File photo of Fu Cong, director general of the department of arms control at the Chinese foreign ministry Photograph:( AFP )
The Chinese assertion on nuclear stockpiles comes just a day after it pledged with other world powers to prevent spread of nuclear weapons
China on Tuesday said that it will continue to 'modernise' its nuclear arsenal but has asked United States and Russia to reduce their stockpiles. The latest Chinese stance has come just a day after it pledged along with other global powers to prevent spread of nuclear weapons.
"The US and Russia still possess 90 percent of the nuclear warheads on Earth," Fu Cong, director general of the department of arms control at the Chinese foreign ministry, told reporters.
"They must reduce their nuclear arsenal in an irreversible and legally binding manner."
Fu dismissed US claims that China was vastly increasing its nuclear capabilities.
"China has always adopted the no first use policy and we maintain our nuclear capabilities at the minimal level required for our national security," he said.
But he said Beijing would "continue to modernise its nuclear arsenal for reliability and safety issues".
In a rare joint statement setting aside rising West-East tensions, the United States, China, Russia, Britain and France on Monday reaffirmed their goal of creating a world free of atomic weapons and avoiding a nuclear conflict.
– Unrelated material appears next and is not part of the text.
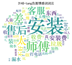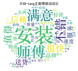 # 给情感值大于0的赋予评论类型(content_type)为pos,小于0的为neg emotional_value['a_type'] = '' emotional_value['a_type'][emotional_value['amend_weight'] > 0] = 'pos' emotional_value['a_type'][emotional_value['amend_weight'] < 0] = 'neg' # 查看情感分析结果 result = emotional_value.merge(word, left_on = 'index_content', right_on = 'index_content', how = 'left') result = result[['index_content','content_type', 'a_type']].drop_duplicates() confusion_matrix = pd.crosstab(result['content_type'], result['a_type'], margins=True) # 制作交叉表 (confusion_matrix.iat[0,0] + confusion_matrix.iat[1,1])/confusion_matrix.iat[2,2] # 提取正负面评论信息 ind_pos = list(emotional_value[emotional_value['a_type'] == 'pos']['index_content']) ind_neg = list(emotional_value[emotional_value['a_type'] == 'neg']['index_content']) posdata = word[[i in ind_pos for i in word['index_content']]] negdata = word[[i in ind_neg for i in word['index_content']]] # 绘制词云 import matplotlib.pyplot as plt from wordcloud import WordCloud # 正面情感词词云 freq_pos = posdata.groupby(by = ['word'])['word'].count() freq_pos = freq_pos.sort_values(ascending = False) backgroud_Image=plt.imread('./pl.jpg') wordcloud = WordCloud(font_path="C:\Windows\Fonts\STZHONGS.ttf", max_words=100, background_color='white', mask=backgroud_Image) pos_wordcloud = wordcloud.fit_words(freq_pos) plt.imshow(pos_wordcloud) plt.title("3148-tang正面情感词词云") plt.rcParams['font.sans-serif'] = 'SimHei' # 设置中文显示 plt.axis('off') plt.show() # 负面情感词词云 freq_neg = negdata.groupby(by = ['word'])['word'].count() freq_neg = freq_neg.sort_values(ascending = False) neg_wordcloud = wordcloud.fit_words(freq_neg) plt.imshow(neg_wordcloud) plt.title("3148-tang负面情感词词云") plt.rcParams['font.sans-serif'] = 'SimHei' # 设置中文显示 plt.axis('off') plt.show() # 将结果写出,每条评论作为一行 posdata.to_csv("./posdata.csv", index = False, encoding = 'utf-8') negdata.to_csv("./negdata.csv", index = False, encoding = 'utf-8')

The nuclear weapons have only been used when the bombs were dropped by the US on Hiroshima and Nagasaki, ending the Second World War.
On Monday, the five nuclear powers committed to full future disarmament from atomic weapons. China's latest stand is sure to raise questions about how realistic the goal of full disarmament is.
The United States has also said China is expanding its nuclear arsenal with as many as 700 warheads by 2027 and possibly 1,000 by 2030.
Ties between Beijing and Washington have been strained over a series of issues including China's intentions to take Taiwan, which it claims as part of its territory, by force if necessary.
Beijing's sabre-rattling towards Taiwan has reached new heights under President Xi Jinping, China's most authoritarian leader in a generation.
Fu dismissed speculation over the possibility of deploying nuclear weapons near the Taiwan Strait.
"Nuclear weapons are the ultimate deterrent, they are not for war or fighting," he said.
While the United States and Russia have had a formal strategic stability dialogue since the days of the Cold War, producing several disarmament agreements, that is not the case between Washington and Beijing.